● DATA:
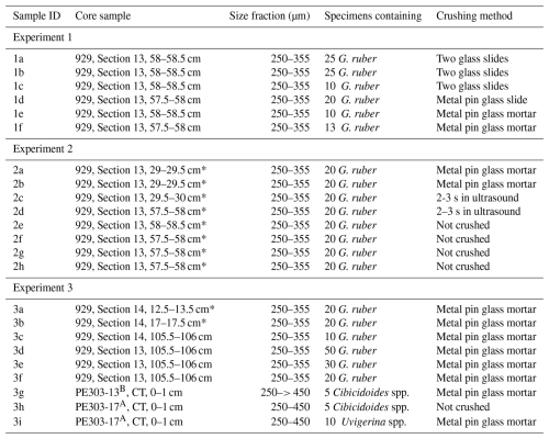 Based on the results from Experiment 3, indicating no or minor silicate contamination and Mn-oxide coatings, the cleaning methodology of core-tops followed the methodology used in Experiment 3, i.e. Barker et al. (2003). A summary of the differences in cleaning methodology used in this study is found in Table 2.
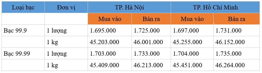 Tại TP. Hồ Chí Minh, giá bạc cùng xu hướng tăng, hiện ở mức 1.697.000 đồng/lượng (mua vào) và 1.731.000 đồng/lượng (bán ra).
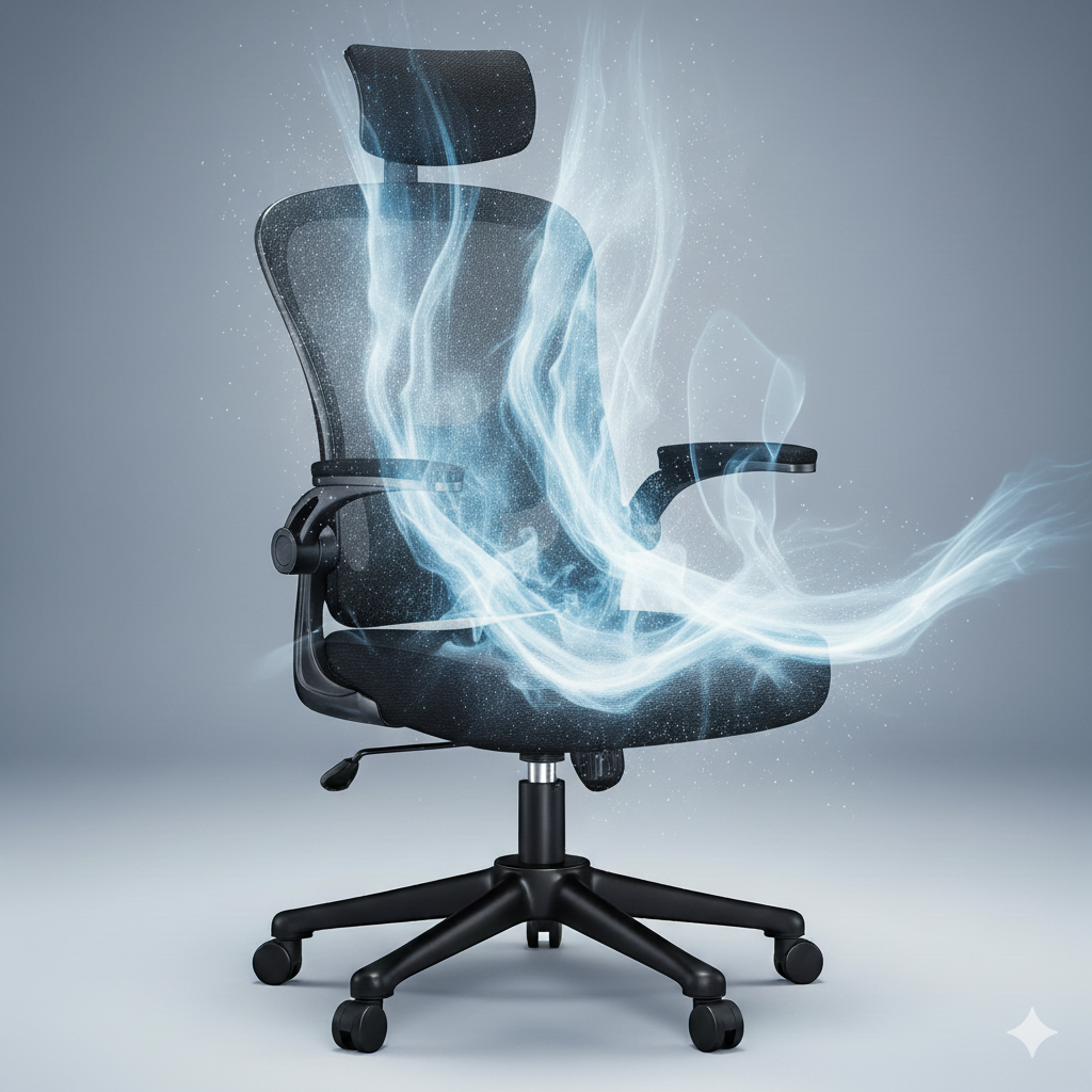 Notre chaise est conçue avec un dossier et une assise en mesh de qualité supérieure, une innovation pensée pour votre bien-être. Ce matériau unique permet à l'air de circuler librement, créant une ventilation constante et naturelle.
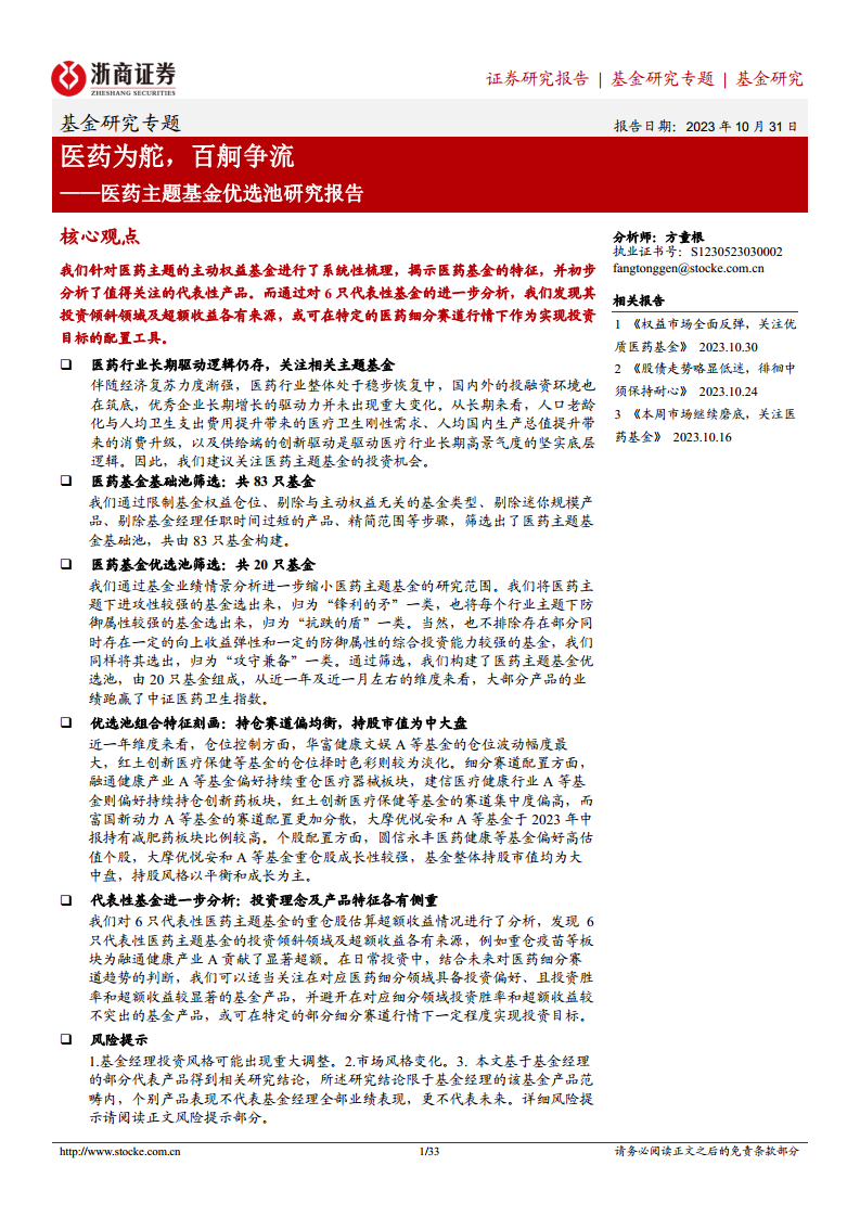 医药主题基金优选池研究报告:医药为舵,百舸争流

● TASK BRIEF: Your job is to reproduce the material exactly. Keep pictures out of it.

● EXERCISE ANSWER:
 Based on the results from Experiment 3, indicating no or minor silicate contamination and Mn-oxide coatings, the cleaning methodology of core-tops followed the methodology used in Experiment 3, i.e. Barker et al. (2003). A summary of the differences in cleaning methodology used in this study is found in Table 2.
 Tại TP. Hồ Chí Minh, giá bạc cùng xu hướng tăng, hiện ở mức 1.697.000 đồng/lượng (mua vào) và 1.731.000 đồng/lượng (bán ra).
 Notre chaise est conçue avec un dossier et une assise en mesh de qualité supérieure, une innovation pensée pour votre bien-être. Ce matériau unique permet à l'air de circuler librement, créant une ventilation constante et naturelle.
 医药主题基金优选池研究报告:医药为舵,百舸争流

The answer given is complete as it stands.